5. The method of claim 4, wherein the key frame in the RGB image is determined based on the following conditions:

the difference value of the average parallax of the frame and the average parallax of the key frame of the previous frame exceeds a first threshold value;

alternatively, the number of feature points tracked by the frame is less than a second threshold.

6. The method of claim 3,

the spatial geometry is derived from the depth image to estimate the transformation matrix between two frames, and the Iterative Closest Point (ICP) residual term D uses the point-to-face distance as:

D＝(T·P_j-P_i)·n_i

wherein, P_jAnd P_iIs a matched three-dimensional point, n, in the depth image_iIs the corresponding normal vector, rotation parameter of the previous frame

And displacement parameter

Is a motion parameter between two frames;

the reprojection error V serves as a visual constraint and is defined on the tangent plane of the unit sphere:

wherein,

is the predicted value of the unit vector of the three-dimensional point after the rigid body transformation of the characteristic point, P is the three-dimensional point obtained by the back projection of the pixel coordinate of the characteristic point through the pinhole camera model,

and

are any two orthogonal bases of the tangent plane to which P corresponds.

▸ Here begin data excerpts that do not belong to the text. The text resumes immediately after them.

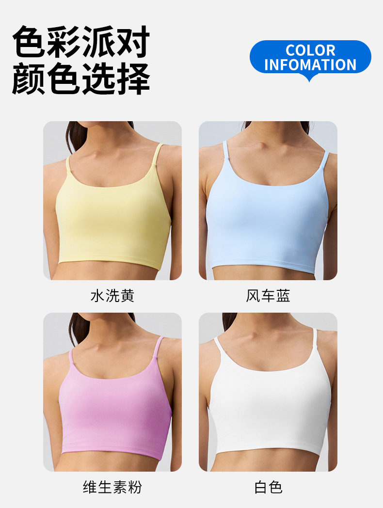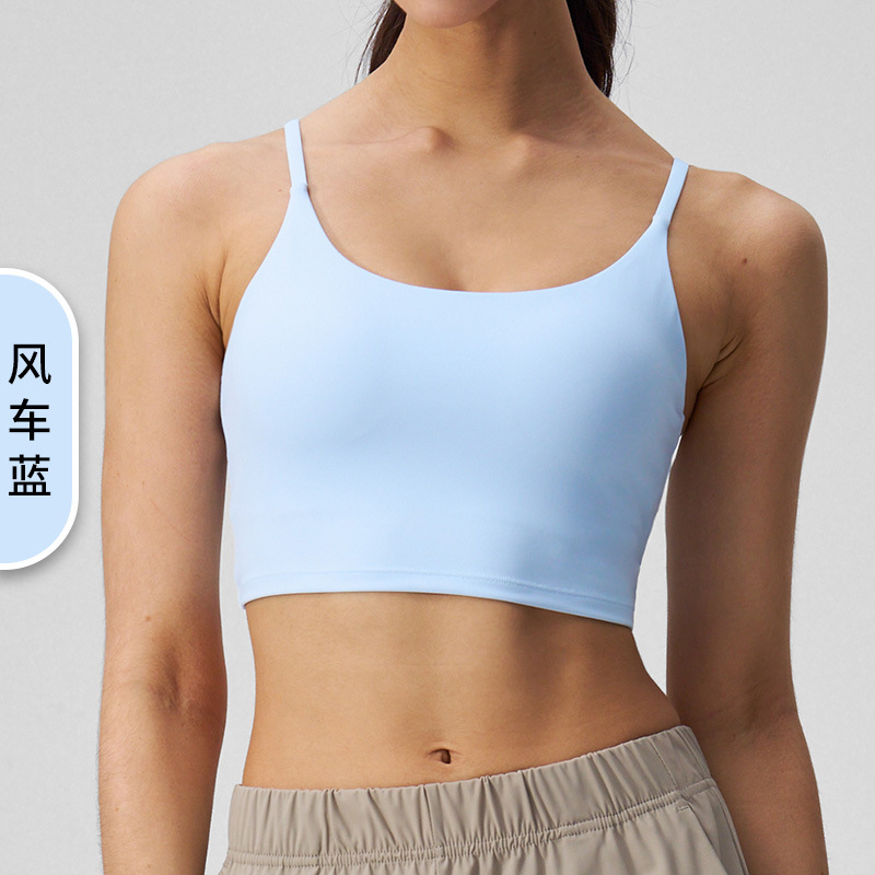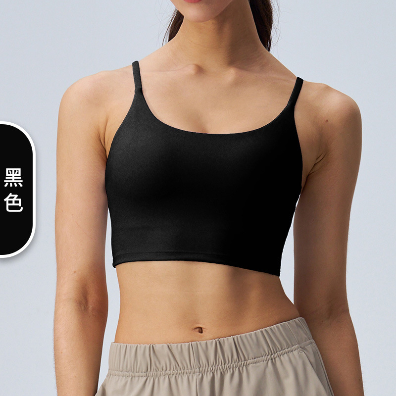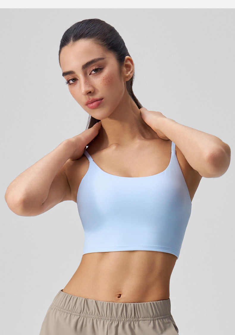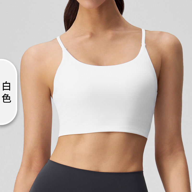 여성을 위한 새로운 여름 요가 조끼, 누드 느낌, 매끄럽고 섹시한 아름다운 등 스포츠 브라, 가슴 패드가 있는 고탄성 피트니스 브라
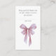 Soft Pink Bow Girl Baby Shower Diaper Raffle Enclosure Card
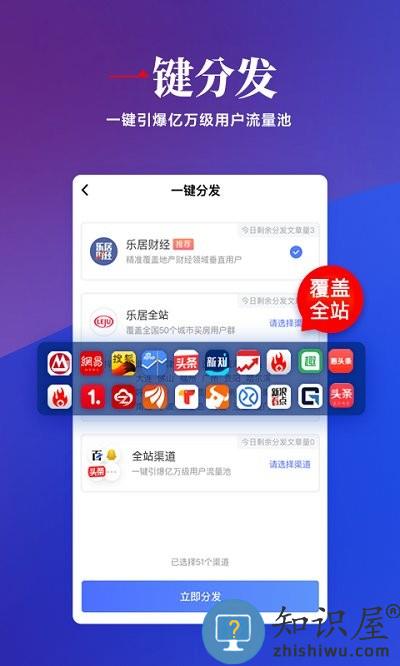 一键分发,完成稿件编辑之后,可以选择多个渠道进行推广,包括有头条乐居
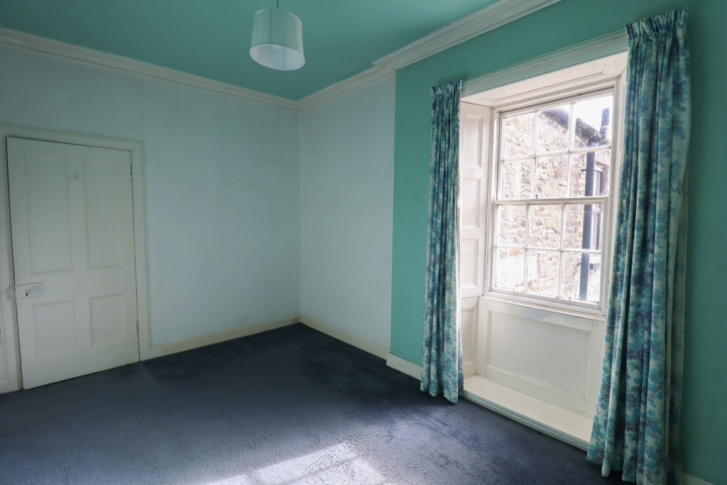 Spacious, light room with two single glazed windows to the front, one with storage cupboards under; stone built fire-place; cornicing; fitted carpet; radiator.

7. A three-dimensional attitude estimation device based on multi-sensor fusion is characterized by comprising:

an RGB image acquisition unit, which is used for acquiring an RGB image of a measured object by using an image sensor, extracting FAST characteristic points of the RGB image and tracking the characteristic points by using a KLT sparse optical flow method;

the IMU measurement value acquisition unit is used for acquiring an IMU measurement value of the measured object by using an IMU sensor and integrating the IMU measurement value to obtain the position, the speed and the rotation of the measured object at the current moment;

the depth image acquisition unit is used for acquiring a depth image of the measured object by using a depth image sensor and processing the depth image by using an Iterative Closest Point (ICP) algorithm to obtain an iterative closest point;

the objective function construction unit is used for constructing an objective function based on the prior information, the iteration closest point, the IMU measurement value and the visual re-projection;

and the pose estimation unit is used for solving the minimum value of the objective function by using an iterative method to obtain the optimal pose of the object.

8. The apparatus of claim 7, further comprising:

and the loop detection unit is used for detecting whether a loop occurs to the current frame, and if so, performing global pose graph optimization to correct the positioning track of the object so as to eliminate the accumulated error.

9. The method of claim 8, wherein the objective function is:

min_(R，t){PP+∑||D||²+∑||I||²+∑||V||²}；

And displacement parameter

10. The method of claim 9, wherein the least squares are solved based on a sliding window, the sliding window containing input parameters required for the least squares calculation, and the error term of each least square, excluding the prior information, is provided by a value within the sliding window.

11. The method of claim 10, wherein determining the key frame in the RGB image is based on:

12. The method of claim 9,

D＝(T·P_j-P_i)·n_i

And displacement parameter

Is a motion parameter between two frames;

wherein,

of unit vectors of three-dimensional points after rigid body transformation of characteristic pointsPredicting value P is three-dimensional point obtained by pixel coordinate back projection of pinhole camera model,

and

are any two orthogonal bases of the tangent plane to which P corresponds.